◆ Exercise
For the material that follows, return exactly the lines from the one with "今日の集会は、わっかリレーで" through the one with "藤蔭 雅月出さんの地格は21画の5点!", both ends included.

◆ Input data
━━━━━━
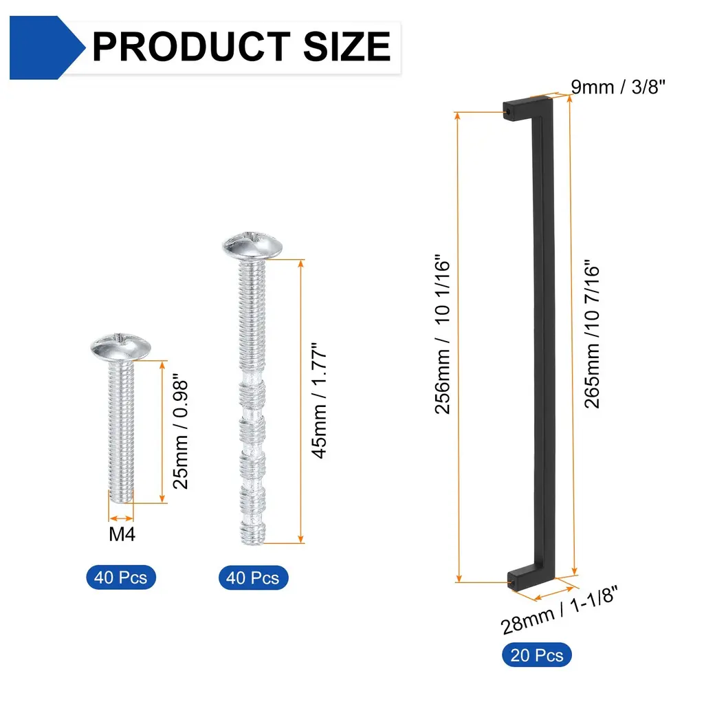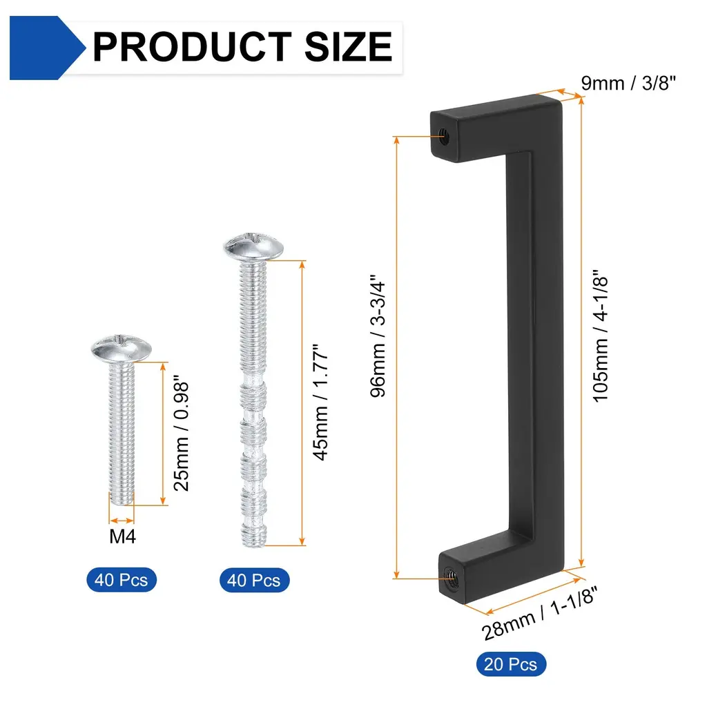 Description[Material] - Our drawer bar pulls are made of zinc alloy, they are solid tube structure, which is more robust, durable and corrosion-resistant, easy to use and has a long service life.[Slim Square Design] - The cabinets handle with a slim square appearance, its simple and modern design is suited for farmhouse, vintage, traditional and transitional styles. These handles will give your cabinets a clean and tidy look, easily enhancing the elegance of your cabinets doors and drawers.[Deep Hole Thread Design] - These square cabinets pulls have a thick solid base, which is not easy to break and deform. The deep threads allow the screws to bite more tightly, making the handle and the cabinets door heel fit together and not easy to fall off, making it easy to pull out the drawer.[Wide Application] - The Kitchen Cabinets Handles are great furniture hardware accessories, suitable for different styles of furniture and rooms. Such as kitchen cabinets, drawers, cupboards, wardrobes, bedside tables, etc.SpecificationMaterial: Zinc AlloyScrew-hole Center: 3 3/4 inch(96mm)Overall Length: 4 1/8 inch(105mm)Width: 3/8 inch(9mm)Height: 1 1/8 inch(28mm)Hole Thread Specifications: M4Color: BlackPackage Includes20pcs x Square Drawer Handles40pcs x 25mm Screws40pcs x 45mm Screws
━━━━━━
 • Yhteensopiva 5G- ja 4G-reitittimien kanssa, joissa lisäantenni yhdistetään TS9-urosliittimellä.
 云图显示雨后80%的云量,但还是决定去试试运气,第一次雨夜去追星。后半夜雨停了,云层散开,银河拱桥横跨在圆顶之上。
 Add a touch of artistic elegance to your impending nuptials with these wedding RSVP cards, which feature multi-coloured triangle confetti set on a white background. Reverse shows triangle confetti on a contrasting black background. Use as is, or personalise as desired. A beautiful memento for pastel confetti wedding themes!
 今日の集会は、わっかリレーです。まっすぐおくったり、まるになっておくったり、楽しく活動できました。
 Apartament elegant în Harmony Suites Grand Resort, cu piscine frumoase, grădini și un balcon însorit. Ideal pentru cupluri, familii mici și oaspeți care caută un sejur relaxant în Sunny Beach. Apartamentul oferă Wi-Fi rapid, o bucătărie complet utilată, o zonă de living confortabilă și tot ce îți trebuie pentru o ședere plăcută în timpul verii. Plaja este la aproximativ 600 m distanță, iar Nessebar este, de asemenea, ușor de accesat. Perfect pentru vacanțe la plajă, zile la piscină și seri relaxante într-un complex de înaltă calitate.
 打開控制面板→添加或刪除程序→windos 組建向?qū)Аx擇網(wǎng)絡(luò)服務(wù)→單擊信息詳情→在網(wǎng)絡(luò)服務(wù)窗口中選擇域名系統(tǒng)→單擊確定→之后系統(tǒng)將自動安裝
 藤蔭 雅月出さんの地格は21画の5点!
━━━━━━
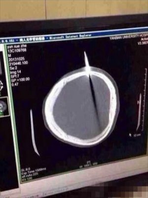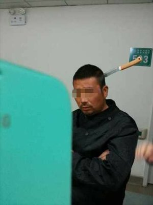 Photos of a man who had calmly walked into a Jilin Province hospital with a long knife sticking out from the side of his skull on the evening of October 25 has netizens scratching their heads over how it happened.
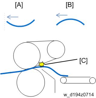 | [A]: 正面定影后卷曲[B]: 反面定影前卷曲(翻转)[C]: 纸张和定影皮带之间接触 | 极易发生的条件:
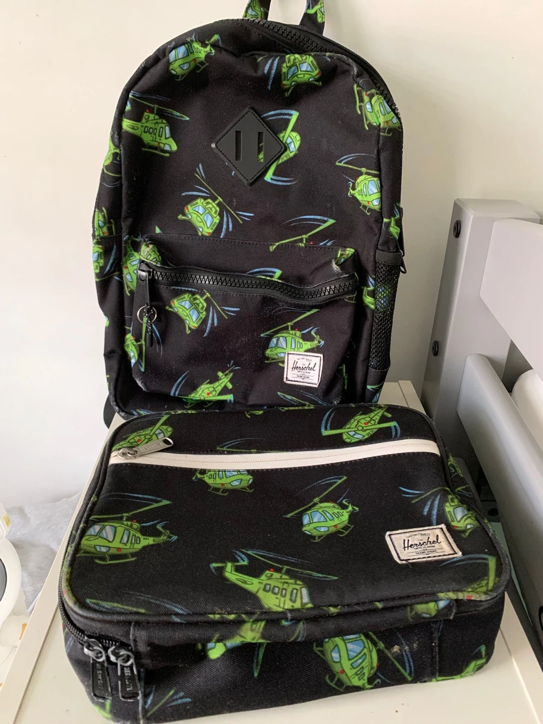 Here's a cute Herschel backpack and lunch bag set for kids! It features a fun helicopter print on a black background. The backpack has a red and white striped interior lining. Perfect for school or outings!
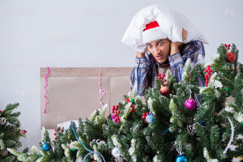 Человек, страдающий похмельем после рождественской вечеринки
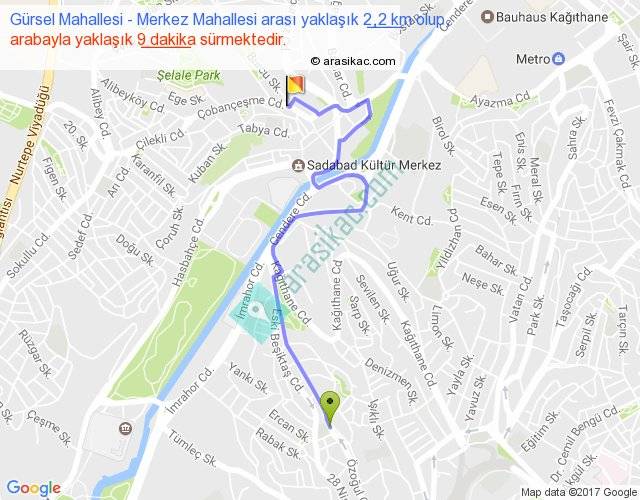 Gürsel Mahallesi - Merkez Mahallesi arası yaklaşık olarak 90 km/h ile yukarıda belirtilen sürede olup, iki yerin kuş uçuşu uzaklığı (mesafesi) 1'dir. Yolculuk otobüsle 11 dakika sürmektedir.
━━━━━━
◆ Problem solution
 今日の集会は、わっかリレーです。まっすぐおくったり、まるになっておくったり、楽しく活動できました。
 Apartament elegant în Harmony Suites Grand Resort, cu piscine frumoase, grădini și un balcon însorit. Ideal pentru cupluri, familii mici și oaspeți care caută un sejur relaxant în Sunny Beach. Apartamentul oferă Wi-Fi rapid, o bucătărie complet utilată, o zonă de living confortabilă și tot ce îți trebuie pentru o ședere plăcută în timpul verii. Plaja este la aproximativ 600 m distanță, iar Nessebar este, de asemenea, ușor de accesat. Perfect pentru vacanțe la plajă, zile la piscină și seri relaxante într-un complex de înaltă calitate.
 打開控制面板→添加或刪除程序→windos 組建向?qū)Аx擇網(wǎng)絡(luò)服務(wù)→單擊信息詳情→在網(wǎng)絡(luò)服務(wù)窗口中選擇域名系統(tǒng)→單擊確定→之后系統(tǒng)將自動安裝
 藤蔭 雅月出さんの地格は21画の5点!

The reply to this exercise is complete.